■ WORK REQUEST: In this exercise, return the whole listing exactly, excluding any images.

■ DATA SEGMENT:
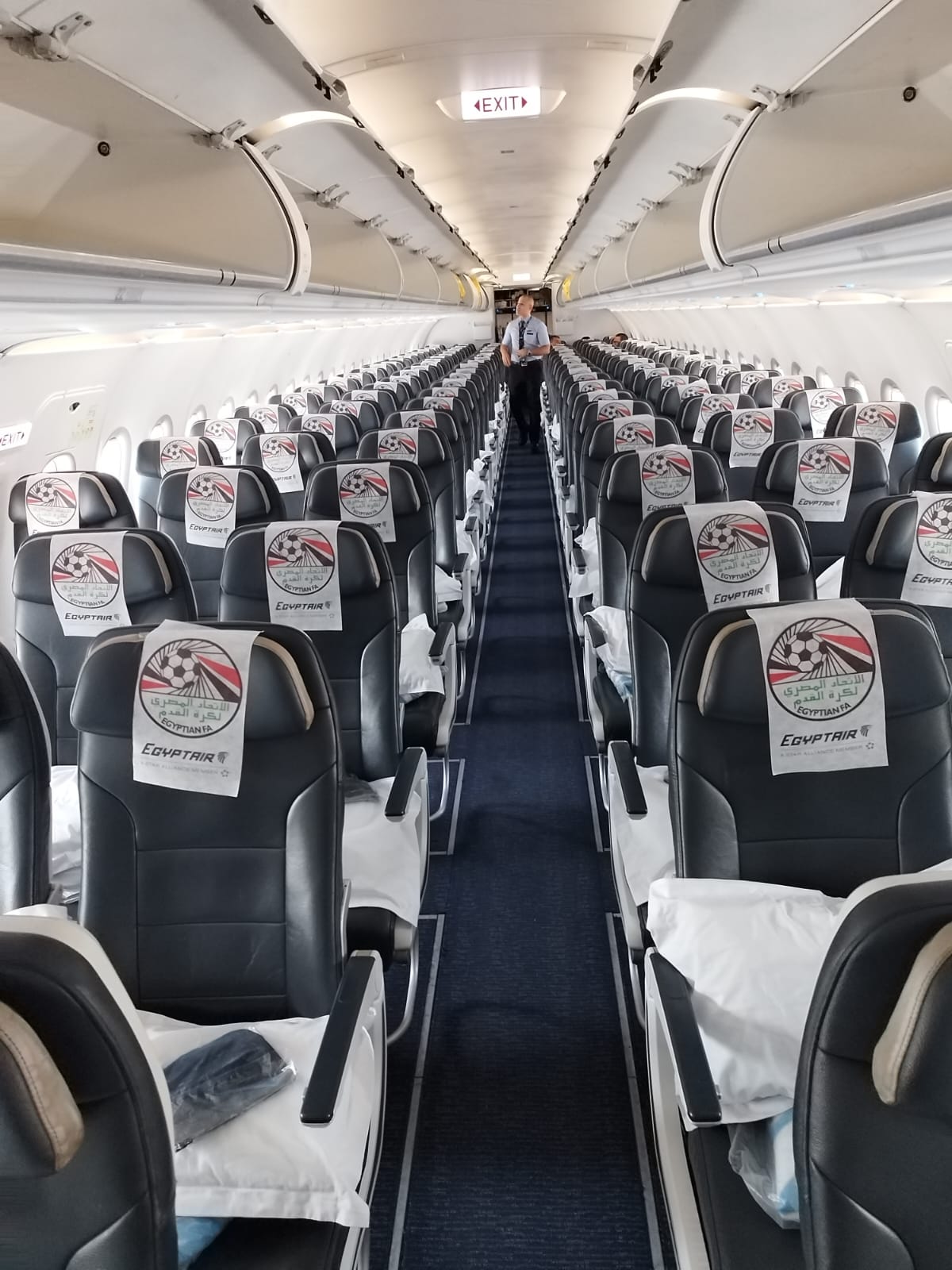 وقدم فريق من العلاقات العامة بمصر للطيران وشركة ميناء القاهرة الجوي كافة التسهيلات اللازمة لسفر منتخب مصر من صالة 4 في رحلة تستغرق نحو 8 ساعات بأحدث طائرات مصر للطيران من طراز إيرباص A320N.
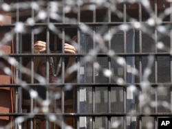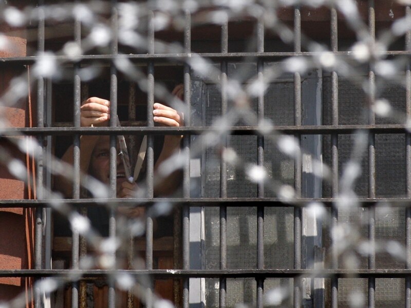 Активіст,и заарештовані під час флеш-мобу «Революція через соціальну мережу», за допомогою рогатки відправляють листи своїм родичам з СІЗО в Мінську, 7 липня 2011 року
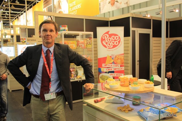 Michel Paternoster van het bedrijf Poco Loco. Zij leveren Tortilla Chips en de bijbehorende dips

■ EXPECTED OUTPUT:
 وقدم فريق من العلاقات العامة بمصر للطيران وشركة ميناء القاهرة الجوي كافة التسهيلات اللازمة لسفر منتخب مصر من صالة 4 في رحلة تستغرق نحو 8 ساعات بأحدث طائرات مصر للطيران من طراز إيرباص A320N.
 Активіст,и заарештовані під час флеш-мобу «Революція через соціальну мережу», за допомогою рогатки відправляють листи своїм родичам з СІЗО в Мінську, 7 липня 2011 року
 Michel Paternoster van het bedrijf Poco Loco. Zij leveren Tortilla Chips en de bijbehorende dips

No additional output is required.